REQUIRED WORK = A verbatim reproduction of the following listing is required; omit the pictures.

INFORMATION PROVIDED =
━━━━━━━━━━━━━━━━━━━━━━━━━━━━━━

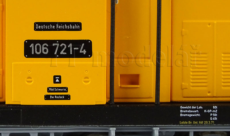 Velmi precizně zpracovaný model motorové lokomotivy BR 106, v Německu využívané především pro posunovací službu. Recenzi modelu naleznete na http://www.trainmania.info/clanky.html#br106, doplňkovou galerii na http://www.trainmania.info/br106.html.
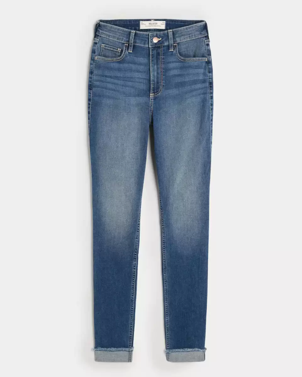 passform, dessa medeltvättade supersmala jeans har blekande och kurvig midja, muddfåll, importerad.
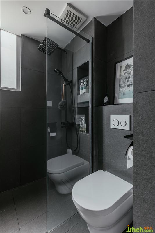 原有衛(wèi)生間空間太小,只有2平方多,根本沒有辦法做到干濕分區(qū),現(xiàn)方案中改動了主人房的房門,從客廳進(jìn)入,把洗手臺外置,做成一個獨(dú)立的盥洗區(qū);里面的空間做成淋浴區(qū)和壁掛式馬桶,從而做到了干濕分區(qū)。
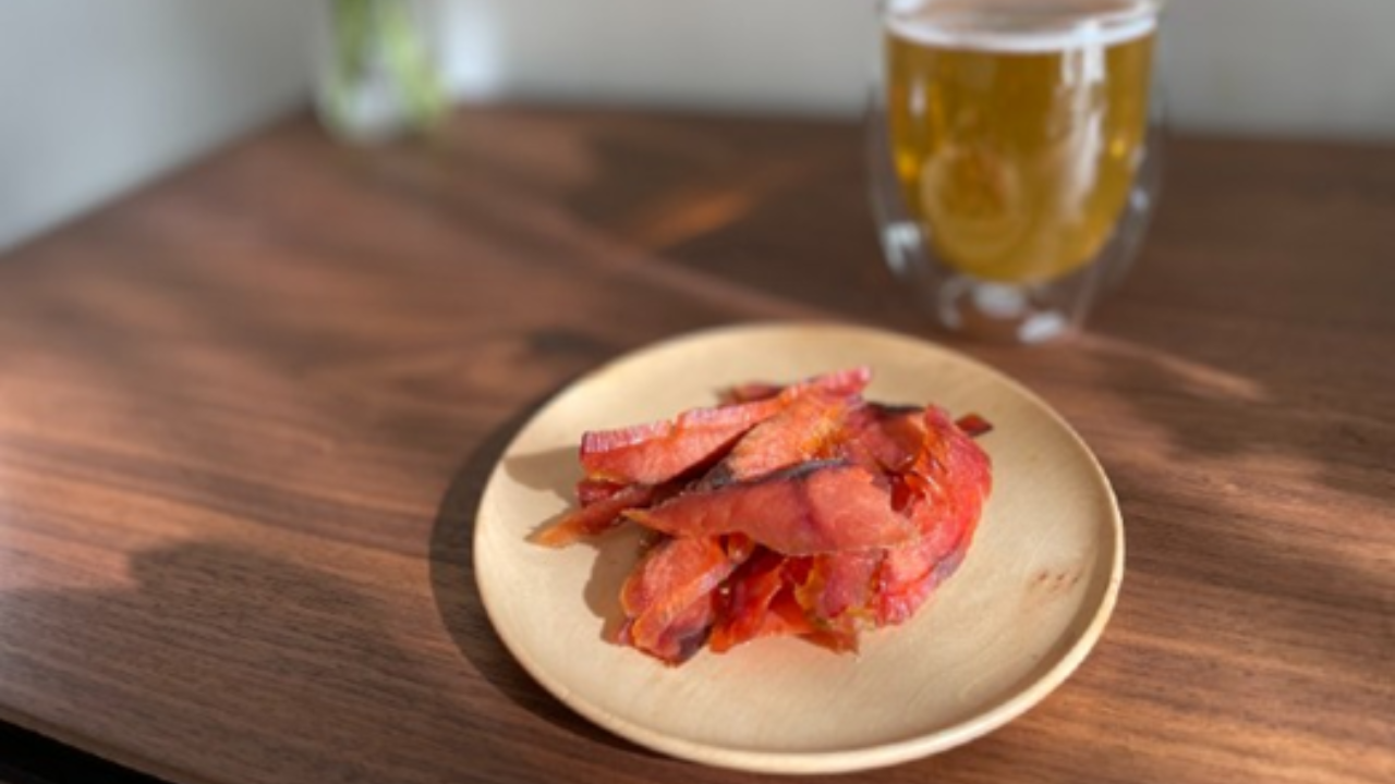 北海道産の鮭を使用し、化学調味料無添加で仕上げた、化学調味料では出せない自然の旨味を濃厚に味わえる 「鮭とば」 です。
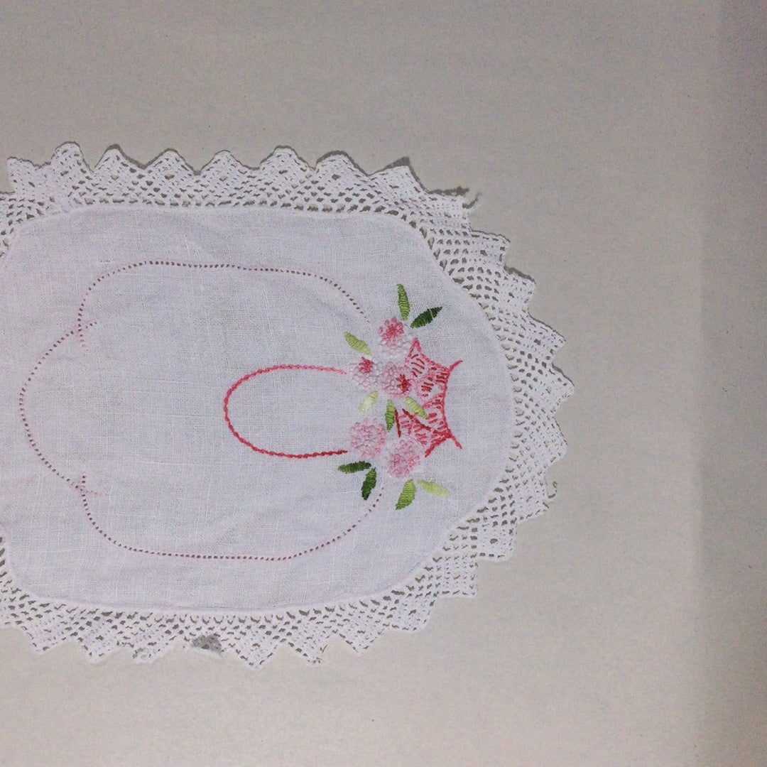 Approximately 9” x 11” white linen with crocheted edge and hand embroidered basket of flowers in pinks. Very good vintage condition.
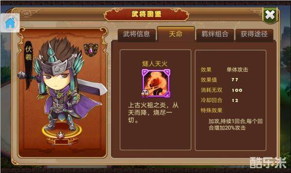 伏羲在《乱世争锋》中为步职业甲级武将,天命技“燧人天火”,令上古火祖之炎从天而降,烧尽一切,强大的单体攻击令敌人胆寒!当其与女娲娘娘同时上阵时,将会触发“三皇其二”的羁绊,增强防御力。伏羲兵力属性、防御属性都相对较高,适合占据中前排的位置,攻击力不弱的他,是一个能打能抗的英雄,上阵时一定要发挥出他的长处哦!这么一个大神,千万不要把他玩坏了!
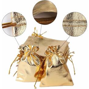 Material: Tecido revestido Tamanho: Pequeno 13x18cm Peso: 3g Quantidade: 100 unidadesTecido revestido metálico: Feito de tecido leve revestido com acabamento em ouro e prata brilhantes, oferecendo uma aparência festiva e elegante para pequenos itens ou acessórios. Fecho conveniente com cordão: cada sacola de presente inclui um cordão macio que protege bem o conteúdo, ideal para joias, pingentes, miçangas, bugigangas, lembranças ou pequenos artesanatos. Armazenamento sem poeira: o interior macio ajuda a evitar arranhões, mantendo os itens limpos e protegidos durante viagens, eventos ou armazenamento de longo prazo. Pacote a granel para vários usos: inclui 100 unidades em cores metálicas mistas, prático para festas, celebrações, embalagens comerciais, itens feitos à mão e organização pessoal. Tamanho compacto e versátil: o tamanho 13 × 18 cm serve para pequenos ornamentos e acessórios sem ocupar espaço, adequado para eventos temáticos, toques de decoração ou expositores de embalagens.
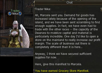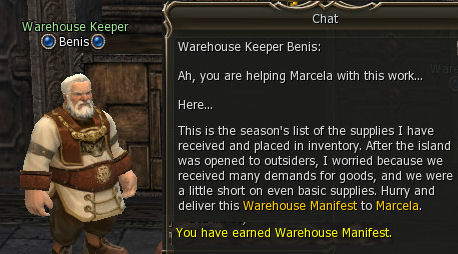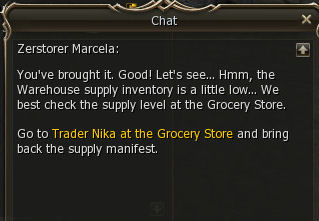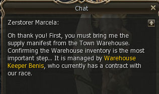 1) This one-time quest, which can be picked up at lvl 2, starts at the south west entrance to the Kamael Village and all steps are in the town itself. Speak to Zerstorer (German for "Destroyer") Marcela and choose Supply Check, as she has two available quests. She tells you to go to Warehouse Keeper Benis.
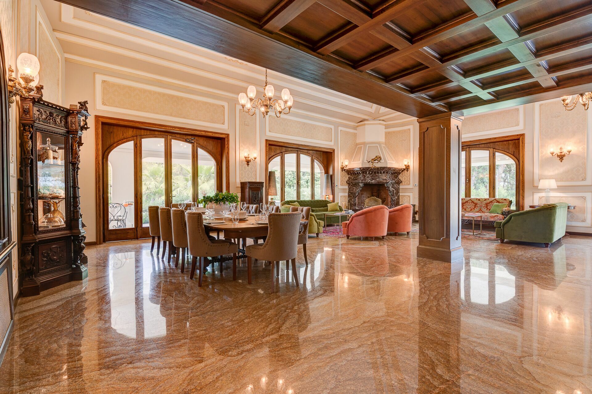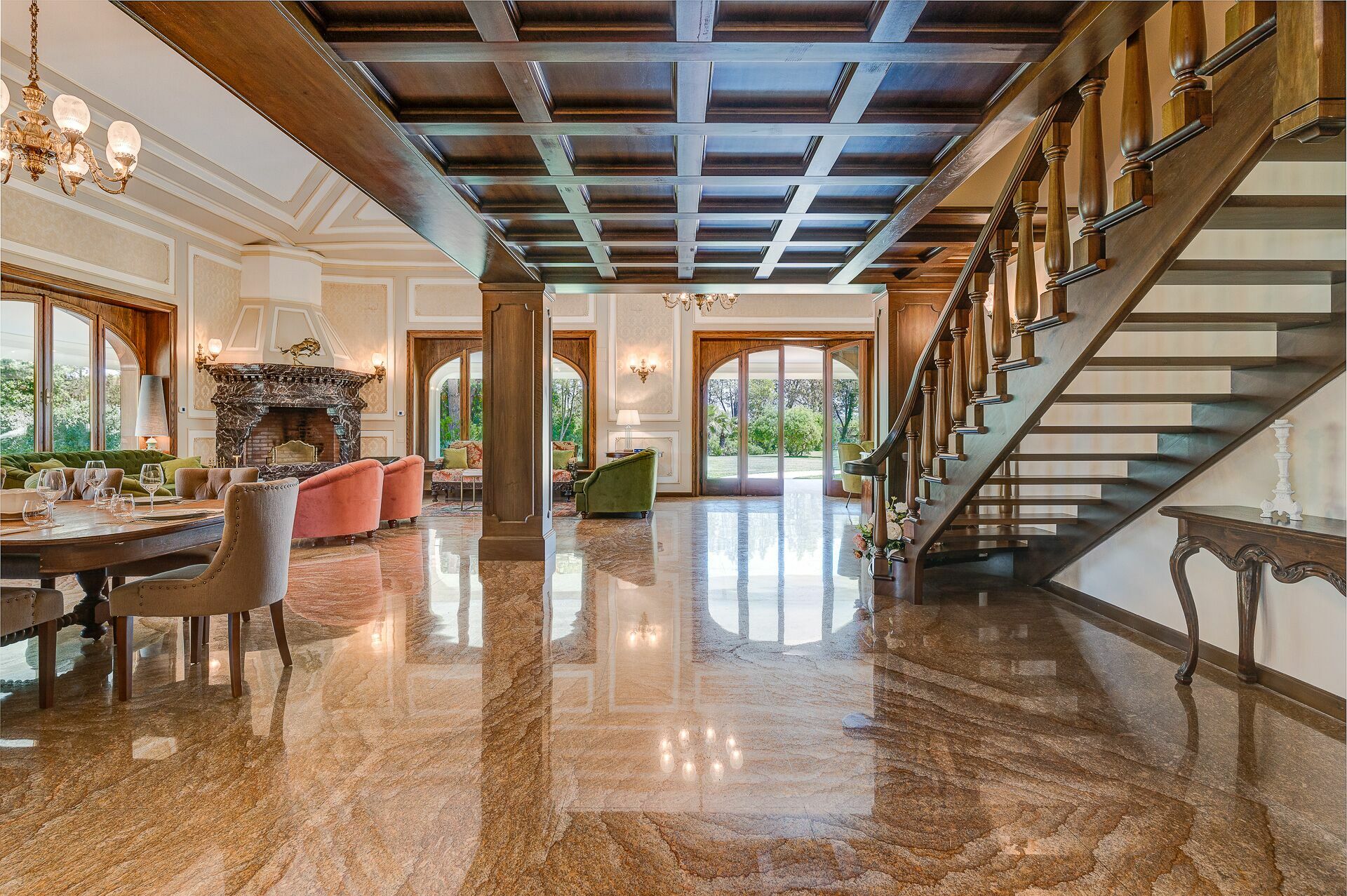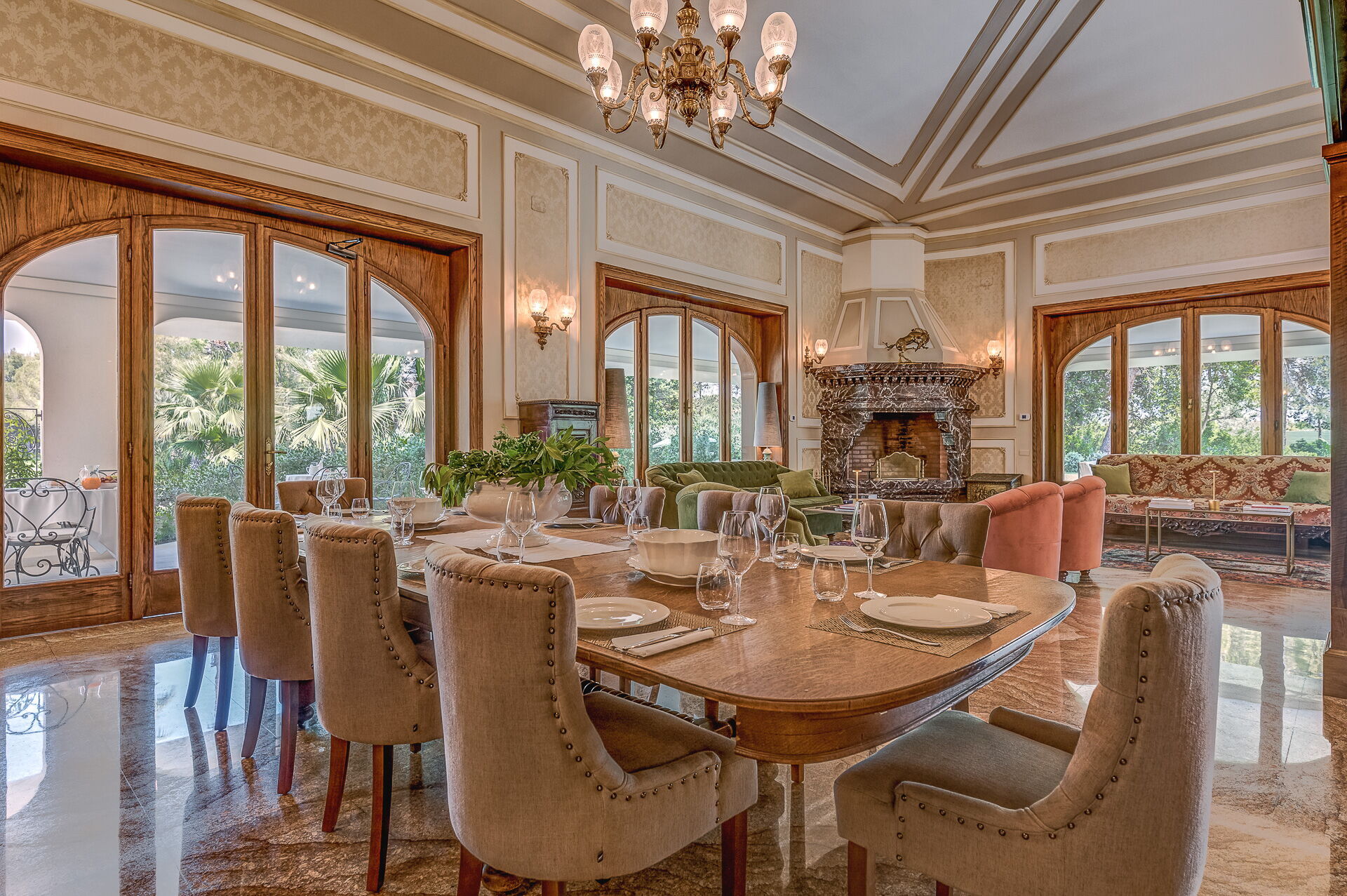 Grâce à 7 magnifiques chambres avec salle de bains, cette grande villa en location peut accueillir jusqu'à 14 personnes. Sur demande, 3 canapés-lits sont disponibles (seulement pour enfants de moins de 12 ans). Cette villa de prestige se développe sur 3 étages plus un sous-sol avec zone bien-être, salle gymnastique, taverne et salle billard.
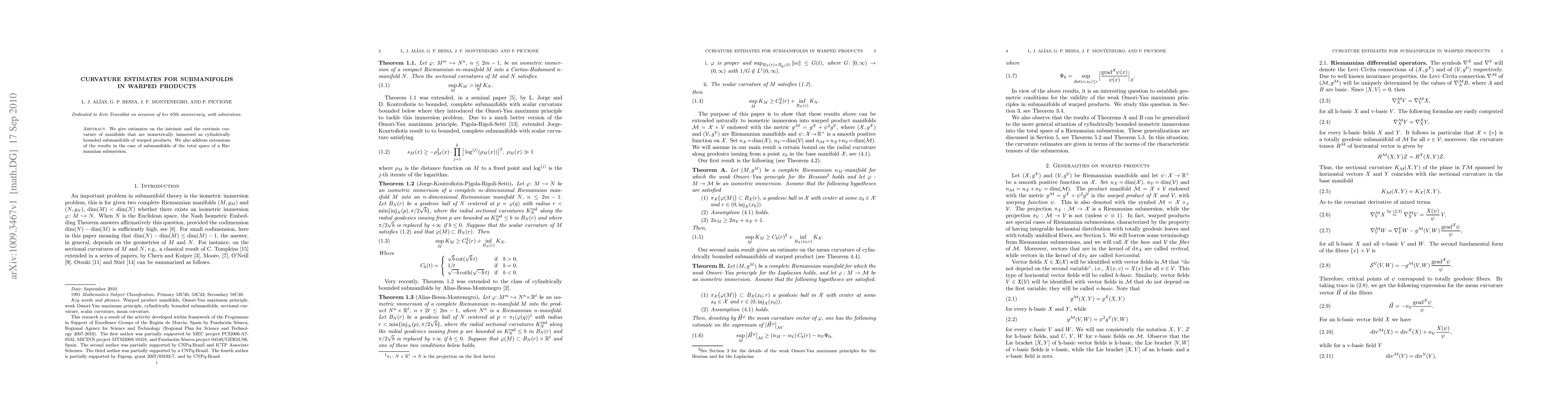 This paper provides estimates for both the intrinsic and extrinsic curvatures of submanifolds embedded in warped products, focusing on cylindrically bounded immersions. It also extends these estimates to submanifolds in the total space of a Riemannian submersion.

━━━━━━━━━━━━━━━━━━━━━━━━━━━━━━

WORKED SOLUTION =
 Velmi precizně zpracovaný model motorové lokomotivy BR 106, v Německu využívané především pro posunovací službu. Recenzi modelu naleznete na http://www.trainmania.info/clanky.html#br106, doplňkovou galerii na http://www.trainmania.info/br106.html.
 passform, dessa medeltvättade supersmala jeans har blekande och kurvig midja, muddfåll, importerad.
 原有衛(wèi)生間空間太小,只有2平方多,根本沒有辦法做到干濕分區(qū),現(xiàn)方案中改動了主人房的房門,從客廳進(jìn)入,把洗手臺外置,做成一個獨(dú)立的盥洗區(qū);里面的空間做成淋浴區(qū)和壁掛式馬桶,從而做到了干濕分區(qū)。
 北海道産の鮭を使用し、化学調味料無添加で仕上げた、化学調味料では出せない自然の旨味を濃厚に味わえる 「鮭とば」 です。
 Approximately 9” x 11” white linen with crocheted edge and hand embroidered basket of flowers in pinks. Very good vintage condition.
 伏羲在《乱世争锋》中为步职业甲级武将,天命技“燧人天火”,令上古火祖之炎从天而降,烧尽一切,强大的单体攻击令敌人胆寒!当其与女娲娘娘同时上阵时,将会触发“三皇其二”的羁绊,增强防御力。伏羲兵力属性、防御属性都相对较高,适合占据中前排的位置,攻击力不弱的他,是一个能打能抗的英雄,上阵时一定要发挥出他的长处哦!这么一个大神,千万不要把他玩坏了!
 Material: Tecido revestido Tamanho: Pequeno 13x18cm Peso: 3g Quantidade: 100 unidadesTecido revestido metálico: Feito de tecido leve revestido com acabamento em ouro e prata brilhantes, oferecendo uma aparência festiva e elegante para pequenos itens ou acessórios. Fecho conveniente com cordão: cada sacola de presente inclui um cordão macio que protege bem o conteúdo, ideal para joias, pingentes, miçangas, bugigangas, lembranças ou pequenos artesanatos. Armazenamento sem poeira: o interior macio ajuda a evitar arranhões, mantendo os itens limpos e protegidos durante viagens, eventos ou armazenamento de longo prazo. Pacote a granel para vários usos: inclui 100 unidades em cores metálicas mistas, prático para festas, celebrações, embalagens comerciais, itens feitos à mão e organização pessoal. Tamanho compacto e versátil: o tamanho 13 × 18 cm serve para pequenos ornamentos e acessórios sem ocupar espaço, adequado para eventos temáticos, toques de decoração ou expositores de embalagens.
 1) This one-time quest, which can be picked up at lvl 2, starts at the south west entrance to the Kamael Village and all steps are in the town itself. Speak to Zerstorer (German for "Destroyer") Marcela and choose Supply Check, as she has two available quests. She tells you to go to Warehouse Keeper Benis.
 Grâce à 7 magnifiques chambres avec salle de bains, cette grande villa en location peut accueillir jusqu'à 14 personnes. Sur demande, 3 canapés-lits sont disponibles (seulement pour enfants de moins de 12 ans). Cette villa de prestige se développe sur 3 étages plus un sous-sol avec zone bien-être, salle gymnastique, taverne et salle billard.
 This paper provides estimates for both the intrinsic and extrinsic curvatures of submanifolds embedded in warped products, focusing on cylindrically bounded immersions. It also extends these estimates to submanifolds in the total space of a Riemannian submersion.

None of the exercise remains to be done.